Site information
- Type: Tour-Reduit

Location
- Coordinates: 35°49′31.7″N 14°31′43.2″E﻿ / ﻿35.825472°N 14.528667°E

Site history
- Built: 1715–1716
- Built by: Order of Saint John
- Materials: Limestone
- Fate: Demolished

= Spinola Redoubt =

Historic defensive fort in Malta

Spinola Redoubt (Ridott ta' Spinola), also known as Birżebbuġa Redoubt (Ridott ta' Birżebbuġa), was a tour-reduit in Birżebbuġa, Malta. It was built by the Order of Saint John in 1715–1716 as one of a series of coastal fortifications around the Maltese Islands. It has been demolished.

==History==
Spinola Redoubt was built in 1715–1716 as part of a chain of fortifications that defended Marsaxlokk Bay, which also included three other redoubts, the large Saint Lucian Tower, two smaller De Redin towers, seven batteries and three entrenchments.
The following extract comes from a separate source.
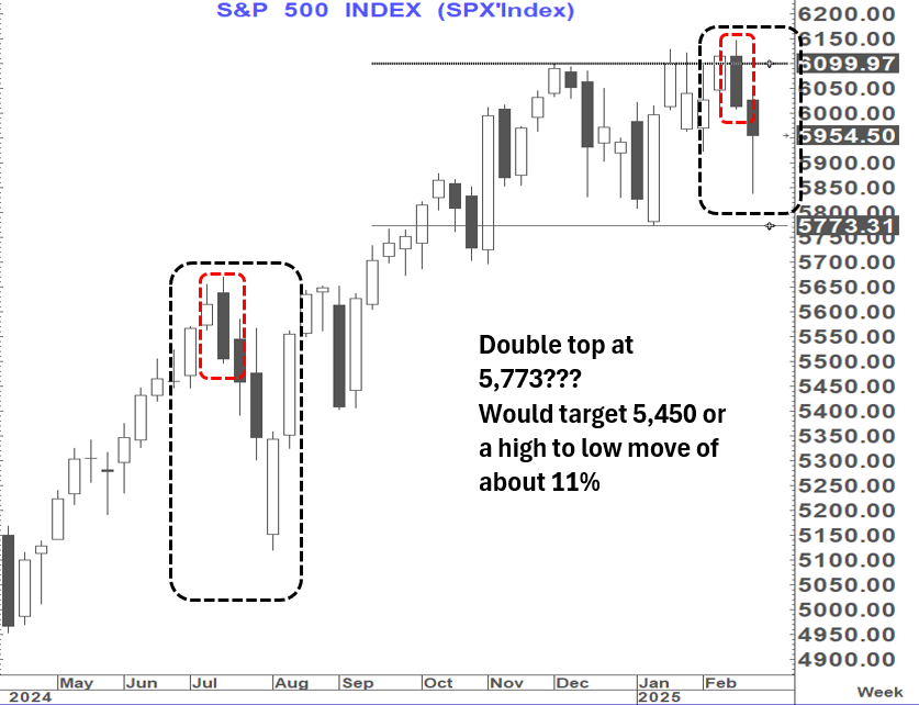In addition, the SPX has completed a double top which suggests a move to at least 5,710 with a bigger double top possible below 5,773
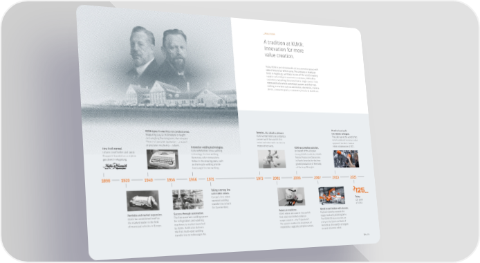 �About 阀阀 A tradition at 阀阀: Innovation for more value creation. Today, 阀阀 is an internationally active automation group with sales of around 3.3 billion euros. The company is headquar- tered in Augsburg, Germany. As one of the world’s leading suppliers of intelligent automation solutions, 阀阀 o昀昀ers customers everything they need from a single source: from robots and cells to fully automated systems and their net- working in markets such as automotive, electronics, metal & plastic, consumer goods, e-commerce/retail and healthcare. Hand in hand with 阀阀 types its way into new product areas. Famulus, the robotics pioneer. the robotic colleague. Measuring just 64 millimeters in height 阀阀 wrote history as a robotics The LBR iiwa is the world’s first and weighing five kilograms: the compact pioneer with the world’s first series-produced sensitive robot “Princess” portable typewriter – a marvel industrial robot with six electric approved for direct human- of precision mechanics – is born. Innovative welding technologies. motor-driven axes. 阀阀 as complete solution. robot collaboration (HRC). How it all started. 阀阀 establishes a new welding On behalf of the Chrysler Johann Josef Keller and Jakob technology: friction welding. Group, 阀阀 establishes 阀阀 Knappich founded an acetylene Numerous other innovations Toledo Production Operations gas plant in Augsburg. follow in the ensuing years, such in North America for the inte- as short-cycle welding and de- grated production of the body fined-angle friction welding. of the Jeep Wrangler. 1898 1920 1949 1956 1966 1971 1973 2001 2006 2007 2013 2023 Taking a strong line with 阀阀 robots. Europe’s first robot- operated welding Today. transfer line is built 125 years for Daimler-Benz. of 阀阀 Portfolio and market expansion. Success through automation. Robots in medicine. World record holder with six axes. 阀阀 has established itself as The first automatic welding system 阀阀 robots are used in the world’s Payload capacity exceeds the the market leader in the field for refrigerators and washing first robot-controlled radiation magic mark of 1,000 kilograms. of municipal vehicles in Europe. machines is market-launched surgery system – the “Cyberknife”. The 阀阀 KR titan receives an by 阀阀. 阀阀 also delivers The system enables the treatment of entry in the Guinness Book of the first multi-spot welding inoperable, surgically complex tumors. Records as the world’s strongest transfer line to Volkswagen AG. six-axis industrial robot. 004_005

The nearest fortifications to Spinola Redoubt were Pinto Battery to the northeast and Birżebbuġa Entrenchments to the south.

Spinola Redoubt was one of four tour-reduits built in Malta, with the other three being Fresnoy Redoubt, Vendôme Tower and Marsalforn Tower. It had a square shape, similar to the surviving Vendôme Tower.

The redoubt has been demolished and its site is now a public garden.